The Serta situation shows that borrowers seeking liquidity are scouring their balance sheets and loan agreements to find ways in which additional availability can be identified and leveraged. In this context, secured lenders are well advised to carefully examine their loan agreements, to consider the interaction of restrictions, covenants and holy rights and to ensure that their liens are not through strategic negotiations with a subset of the lender group or with a new lender group.

While a ban on releasing all or substantially all of the lender’s collateral is a well-established sacred right, the Serta case suggests that lenders would do well to insist on subordination protection as an additional sacred right. Such sacred right against subordination provisions are not common in medium-sized or large-cap credit transactions (although such provisions exist in a minority of businesses). Likewise during proportionally Splitting provisions in loan agreements have long been sacred fundamental rights, and the Serta situation can lead secured lenders to expressly provide that such provisions may not be indirectly changed or changed (even if such a change is made in accordance with a separately documented credit facility).

We note that the court’s decision in the Serta case was made in connection with the decision and rejection of an application to order the termination of the recapitalization. The judicial standard applicable to such an order is different from that which would apply to a full litigation of the present disputes. The plaintiffs have not complied with the injunction including the requirement to prove a prospect of success in the matter. This failure does not determine the final case, and it remains to be seen whether plaintiffs will ultimately fail with their objection to the recapitalization. However, the Serta transaction underscores the need for secured lenders to carefully review the sacred rights protections contained in their loan agreements and to roll back those parts of the agreements that could reverse or terminate those protections. The Serta case provides a dramatic example of the devastating economic consequences of such a final. If Serta had filed for Chapter 11 bankruptcy protection and attempted to issue the new senior debt through an debtor facility, Serta would have been required to demonstrate that the non-barter lenders received adequate protection. In contrast, and under the recapitalization carried out by Serta, the non-barter lenders were prepared with no substitute liens or adequate protection of any kind.

With the unprecedented impact of the global pandemic, secured lenders are increasingly able to cope with the complexities of the out-of-court debt swap and run the risk that that swap will rearrange rights and priorities under the Facility in a highly detrimental manner should heed Metallica’s admonition Enter Sandman: “Sleep with one eye open and hold your pillow tight.” As the Serta recapitalization shows, a borrower can use the flexibility under the loan agreement to find new sources of liquidity and, with the approval of the slim majority of the required lenders, some parts of the lender group preferable to others in unexpected ways. Those lenders outside the group of required lenders may be sent “never land” without remedy or recourse.
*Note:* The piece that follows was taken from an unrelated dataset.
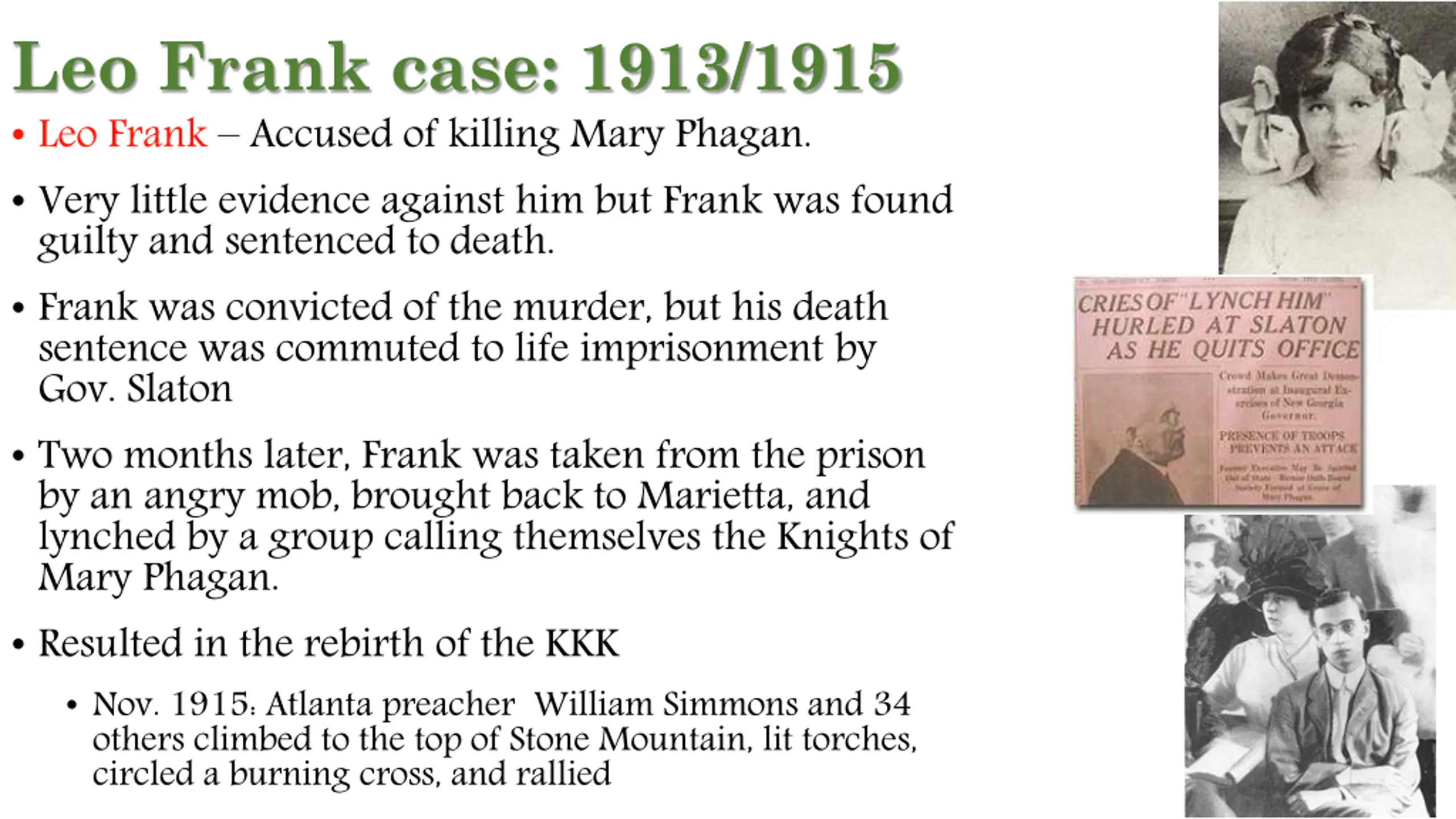 150px-Mary_Phagan Leo Frank case: 1913/1915 Leo Frank Accused of killing Mary Phagan. Very little evidence against him but Frank was found guilty and sentenced to death. Frank was convicted of the murder, but his death sentence was commuted to life imprisonment by Gov. Slaton Two months later, Frank was taken from the prison by an angry mob, brought back to Marietta, and lynched by a group calling themselves the Knights of Mary Phagan. Resulted in the rebirth of the KKK Nov. 1915: Atlanta preacher William Simmons and 34 others climbed to the top of Stone Mountain, lit torches, circled a burning cross, and rallied 220px-Leo-frank-slaton-headline 220px-Leo-frank-at-trial

1. We would like to point out that Serta’s 2016 credit obligations consisted of both a first-lien and a second-lien credit line (each documented separately). To simplify the discussion, we refer generally to the 2016 loan agreement.
2. The 2016 loan agreement amendment allowed three new tranches of “parent debt”, all of which rank ahead of the 2016 commitments: (1) the debt issued in exchange for the 2016 debt (this post); (2) an additional $ 200 million in new money liabilities provided by the barter lenders; and (3) an additional debt basket that can be used to facilitate future debt exchanges.